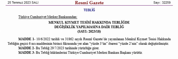 Ayrıca yine bugünkü Resmi Gazete'de yayımlanan değişiklik tebliğine göre de piyasa mekanizmasının işlevselliğini artırmak için faiz oranına göre menkul kıymet tesisi uygulaması sadeleştirildi.
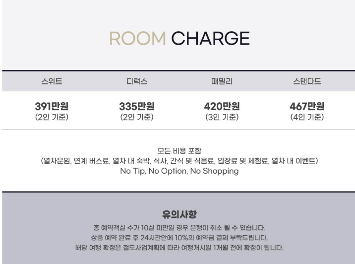 - 열차 내 객실 숙박이 포함되어 있어 이동 중에도 숙박시설처럼 편안한 휴식 가능
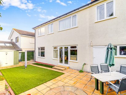 The REAR GARDEN measures approx. 40' in width and commences with paved patio leading to artificial lawn areas. Stone shingle borders. Brick built flower beds. Shed to remain. Gated side access.
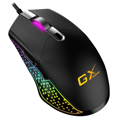 Gamer egér - vezetékes, jobbkezeseknek, optikai, csatlakozás módja USB, 7200 DPI érzékenység, DPI-váltás, 6 gombos, hagyományos görgő, RGB háttérvilágítás, kábel hossza 1,8 m, mérete 3,96 × 12,02 × 7,27 cm (Ma×Sz×Mé), tömege 120 g Megbízható gamer egérre van szükséged, amelyre támaszkodhatsz játék közben? Ez a praktikus Genius vezetékes gamer egér mindent biztosít, amit a számítógépes játékok szerelmesei keresnek. Teljes kényel
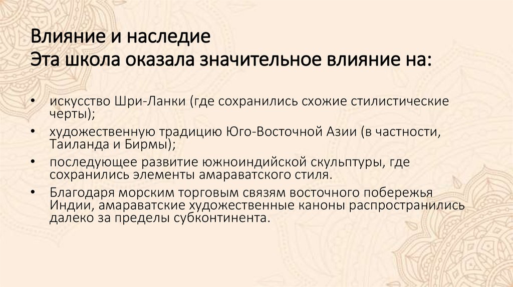 • искусство Шри-Ланки (где сохранились схожие стилистические
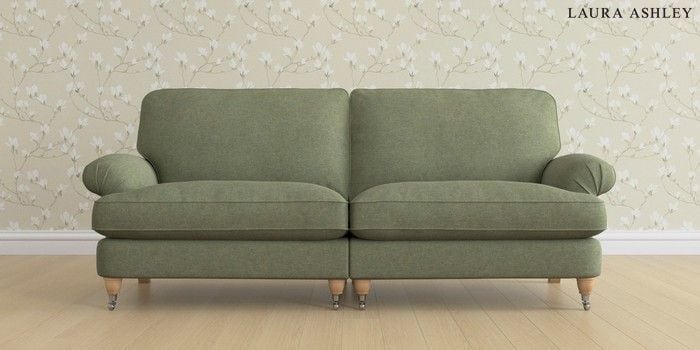 6.12.13 Buy Beaumaris by Laura Ashley 4 Seater Sofa Harley Moss Green Low Chrome Castor - Light Oak from the Laura Ashley online shop Click here to use our website with more accessibility support, for example screen readers

========================

▶ [Your objective]
The lines above from the line with "The REAR GARDEN" through the line with "сохранились схожие стилистические" are to be given again word for word, with no pictures among them.

▶ [Output below]
 The REAR GARDEN measures approx. 40' in width and commences with paved patio leading to artificial lawn areas. Stone shingle borders. Brick built flower beds. Shed to remain. Gated side access.
 Gamer egér - vezetékes, jobbkezeseknek, optikai, csatlakozás módja USB, 7200 DPI érzékenység, DPI-váltás, 6 gombos, hagyományos görgő, RGB háttérvilágítás, kábel hossza 1,8 m, mérete 3,96 × 12,02 × 7,27 cm (Ma×Sz×Mé), tömege 120 g Megbízható gamer egérre van szükséged, amelyre támaszkodhatsz játék közben? Ez a praktikus Genius vezetékes gamer egér mindent biztosít, amit a számítógépes játékok szerelmesei keresnek. Teljes kényel
 • искусство Шри-Ланки (где сохранились схожие стилистические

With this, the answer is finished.